>^|C< Gemeente Breda
Raadsbesluit
Registratienr: 32900]
Dienst/afdeling: RO/JP
Artikel 3. Adviseur of adviescommissie
1Voor de advisering over de op de aanvraag te nemen beschikking wordt door het college een adviseur
aangewezen die beschikt over voldoende deskundigheid inzake advisering op het gebied van
planschade.
2. Indien het college, na advies te hebben ingewonnen van de in het eerste lid bedoelde adviseur, van
oordeel is dat de aanvraag betrekking heeft op planschade vanwege inkomens-derving en er, gezien de
complexiteit, aard en omvang van de aanvraag, behoefte bestaat aan extra deskundigheid wordt door
het college een tweede adviseur aangewezen die deskundig is op het gebied van accountancy of van
financieel economische bedrijfsvoering.
3. Indien het college, na advies te hebben ingewonnen van de in het eerste lid bedoelde adviseur, van
oordeel is dat de aanvraag betrekking heeft op planschade vanwege waardevermindering van een
onroerende zaak en er, gezien de complexiteit, aard en omvang van de aanvraag, behoefte bestaat aan
extra deskundigheid wordt door het college een tweede adviseur aangewezen die deskundig is ter zake
van de waardering van onroerende zaken en van waardevermindering daarvan als gevolg van een
planologische verslechtering.
4. Indien naar het oordeel van het college het tweede en het derde lid van toepassing zijn, worden zowel
de in het tweede als het derde lid bedoelde adviseurs aangewezen.
5. Bij aanwijzing van meerdere adviseurs vormen deze een adviescommissie, waarvan de in het eerste lid
bedoelde adviseur voorzitter is.
6. De adviescommissie wijst uit haar midden een rapporteur aan.
Artikel 4. Deskundigheid en onafhankelijkheid
1. Voordat een persoon als adviseur wordt aangewezen, kan het college verlangen dat deze aantoont op
grond van opleiding en ervaring deskundig te zijn met betrekking tot de in artikel 3, eerste, tweede of
derde lid, bedoelde aspecten waarop deze persoon de aanvraag moet beoordelen.
2. Een adviseur mag niet werkzaam zijn onder verantwoordelijk van de raad. Eveneens mag een adviseur
niet betrokken zijn bij de planologische maatregel waarop de aanvraag betrekking heeft.
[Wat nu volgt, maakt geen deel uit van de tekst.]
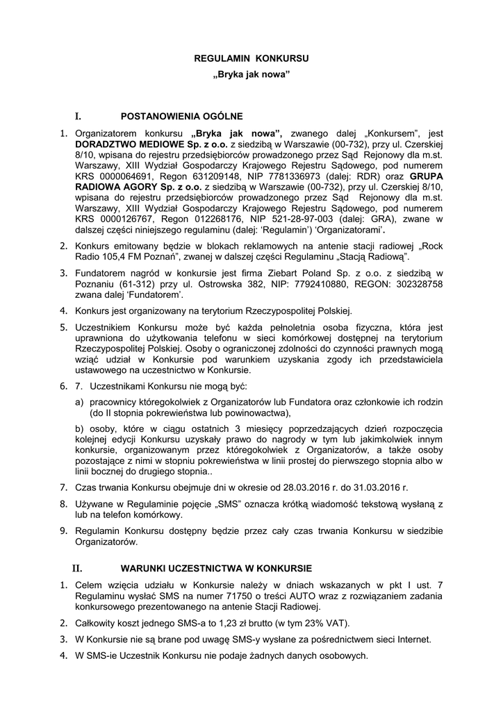 REGULAMIN KONKURSU „Bryka jak nowa” I. POSTANOWIENIA OGÓLNE 1. Organizatorem konkursu „Bryka jak nowa”, zwanego dalej „Konkursem”, jest DORADZTWO MEDIOWE Sp. z o.o. z siedzibą w Warszawie (00-732), przy ul. Czerskiej 8/10, wpisana do rejestru przedsiębiorców prowadzonego przez Sąd Rejonowy dla m.st. Warszawy, XIII Wydział Gospodarczy Krajowego Rejestru Sądowego, pod numerem KRS 0000064691, Regon 631209148, NIP 7781336973 (dalej: RDR) oraz GRUPA RADIOWA AGORY Sp. z o.o. z siedzibą w Warszawie (00-732), przy ul. Czerskiej 8/10, wpisana do rejestru przedsiębiorców prowadzonego przez Sąd Rejonowy dla m.st. Warszawy, XIII Wydział Gospodarczy Krajowego Rejestru Sądowego, pod numerem KRS 0000126767, Regon 012268176, NIP 521-28-97-003 (dalej: GRA), zwane w dalszej części niniejszego regulaminu (dalej: ‘Regulamin’) ‘Organizatorami’. 2. Konkurs emitowany będzie w blokach reklamowych na antenie stacji radiowej „Rock Radio 105,4 FM Poznań”, zwanej w dalszej części Regulaminu „Stacją Radiową”. 3. Fundatorem nagród w konkursie jest firma Ziebart Poland Sp. z o.o. z siedzibą w Poznaniu (61-312) przy ul. Ostrowska 382, NIP: 7792410880, REGON: 302328758 zwana dalej ‘Fundatorem’. 4. Konkurs jest organizowany na terytorium Rzeczypospolitej Polskiej. 5. Uczestnikiem Konkursu może być każda pełnoletnia osoba fizyczna, która jest uprawniona do użytkowania telefonu w sieci komórkowej dostępnej na terytorium Rzeczypospolitej Polskiej. Osoby o ograniczonej zdolności do czynności prawnych mogą wziąć udział w Konkursie pod warunkiem uzyskania zgody ich przedstawiciela ustawowego na uczestnictwo w Konkursie. 6. 7. Uczestnikami Konkursu nie mogą być: a) pracownicy któregokolwiek z Organizatorów lub Fundatora oraz członkowie ich rodzin (do II stopnia pokrewieństwa lub powinowactwa), b) osoby, które w ciągu ostatnich 3 miesięcy poprzedzających dzień rozpoczęcia kolejnej edycji Konkursu uzyskały prawo do nagrody w tym lub jakimkolwiek innym konkursie, organizowanym przez któregokolwiek z Organizatorów, a także osoby pozostające z nimi w stopniu pokrewieństwa w linii prostej do pierwszego stopnia albo w linii bocznej do drugiego stopnia.. 7. Czas trwania Konkursu obejmuje dni w okresie od 28.03.2016 r. do 31.03.2016 r. 8. Używane w Regulaminie pojęcie „SMS” oznacza krótką wiadomość tekstową wysłaną z lub na telefon komórkowy. 9. Regulamin Konkursu dostępny będzie przez cały czas trwania Konkursu w siedzibie Organizatorów. II. WARUNKI UCZESTNICTWA W KONKURSIE 1. Celem wzięcia udziału w Konkursie należy w dniach wskazanych w pkt I ust. 7 Regulaminu wysłać SMS na numer 71750 o treści AUTO wraz z rozwiązaniem zadania konkursowego prezentowanego na antenie Stacji Radiowej. 2. Całkowity koszt jednego SMS-a to 1,23 zł brutto (w tym 23% VAT). 3. W Konkursie nie są brane pod uwagę SMS-y wysłane za pośrednictwem sieci Internet. 4. W SMS-ie Uczestnik Konkursu nie podaje żadnych danych osobowych. 5. Po wysłaniu SMS-a, o treści wskazanej w ust. 1 powyżej, każdy Uczestnik otrzyma SMS zwrotny potwierdzający oddanie głosu i udział w Konkursie. 6. Organizatorzy nie ponoszą odpowiedzialności za skuteczność przesłania SMS-ów, w szczególności za wszelkie awarie sieci przesyłowych. III. NAGRODY 1. Nagrodą w Konkursie jest 1 pakiet ochronny lakieru samochodowego o wartości 1999,00 zł (słownie: tysiąc dziewięćset dziewięćdziesiąt dziewięć złotych). 2. W Konkursie zostanie rozdana 1 Nagroda. 3. Organizator zastrzega sobie prawo zmiany nagrody na inną, w przypadku, gdy z przyczyn od niego niezależnych, przyznanie takiej Nagrody nie będzie możliwe. IV. NAGRODY I ZASADY ICH PRZYZNANIA 1. Każdego dnia trwania Konkursu na antenie Stacji Radiowej w bloku reklamowym, DJ poinformuje słuchaczy o Konkursie i przybliży jego zasady. 2. Prawo do otrzymania Nagrody w Konkursie uzyska 1 (jeden) Uczestnik Konkursu, którzy zdaniem Komisji Konkursowej, o której mowa w ust. 3 poniżej, wyśle najciekawszy SMS. 3. W celu wyłonienia zwycięzców Konkursu, Organizator powołuje 3 osobową Komisje Konkursową, w składzie: a. Krystyna Rykowska b. Magda Utracka c. Magdalena Pudło 4. Komisja Konkursowa podejmuje decyzje zwykłą większością głosów. Decyzje Komisji Konkursowej są ostateczne i nie podlegają żadnym odwołaniom. 5. Z zastrzeżeniem pkt III ust. 3 Regulaminu, Nagrody nie podlegają wymianie na jakikolwiek ekwiwalent, w szczególności ekwiwalent pieniężny. 6. Uczestnik Konkursu, któremu przysługuje prawo do otrzymania Nagrody, powoływany dalej jako „Zwycięzca Konkursu”, zostanie poinformowany o przyznaniu Nagrody telefonicznie przez Organizatorów. W czasie rozmowy telefonicznej Zwycięzca Konkursu zobowiązany jest podać Organizatorom swoje imię i nazwisko, adres oraz numer dowodu osobistego. 7. Zwycięzca Konkursu zobowiązany jest do dokonania z Organizatorami ustaleń co do miejsca, terminu i sposobu odbioru tej nagrody, przy czym odbiór nagrody może nastąpić nie wcześniej niż 06.04.2016 r. Odbiór nagrody zostanie udokumentowany protokołem podpisanym przez DM i Zwycięzcę Konkursu. 8. Wskutek odmowy podania przez Zwycięzcę Konkursu danych wyliczonych w ust. 4 powyżej, odmowy dokonania przez Zwycięzcę Konkursu ustaleń dotyczących odbioru nagrody, o których mowa w ustępie poprzedzającym lub też niedokonania takich ustaleń w terminie do dnia 15.04.2016r., Zwycięzca Konkursu traci prawo do otrzymania nagrody. 9. Do chwili przekazania Nagrody Zwycięzcy Konkursu DM pozostaje jej jedynym i wyłącznym właścicielem. Nagrody zostaną wydane Zwycięzcom Konkursu przez DM. V. DANE OSOBOWE 1. Uczestnicy Konkursu, podając swoje dane osobowe, wyrażają zgodę i upoważniają Organizatorów do przetwarzania tych danych osobowych dla celów organizacji Konkursu, wydania przyznanych Nagród oraz innych prawnie usprawiedliwionych celów Organizatorów. 2. Uczestnikom

Artikel 5. Betrokkenheid aanvrager en andere belanghebbenden bij aanwijzing adviseur of
adviescommissie
1Voordat het college de opdracht tot advisering zoals bedoeld in artikel 2 verstrekt, stelt het college de
aanvrager, eventuele andere betrokken bestuursorganen, alsmede de belang-hebbenden als bedoeld in
artikel 6.4a, tweede en derde lid, van de wet schriftelijk op de hoogte van de aanwijzing van:
a. een adviseur als bedoeld in artikel 3, eerste lid, of
b. meerdere adviseurs als bedoeld in artikel 3, vijfde lid.
2. De aanvrager, eventuele andere betrokken bestuursorganen, alsmede de belanghebbenden als bedoeld
in artikel 6.4a, tweede en derde lid, van de wet kunnen binnen twee weken na de mededeling als
bedoeld in het eerste lid schriftelijk en voldoende gemotiveerd een verzoek tot wraking van één of
meerdere adviseurs bij het college indienen.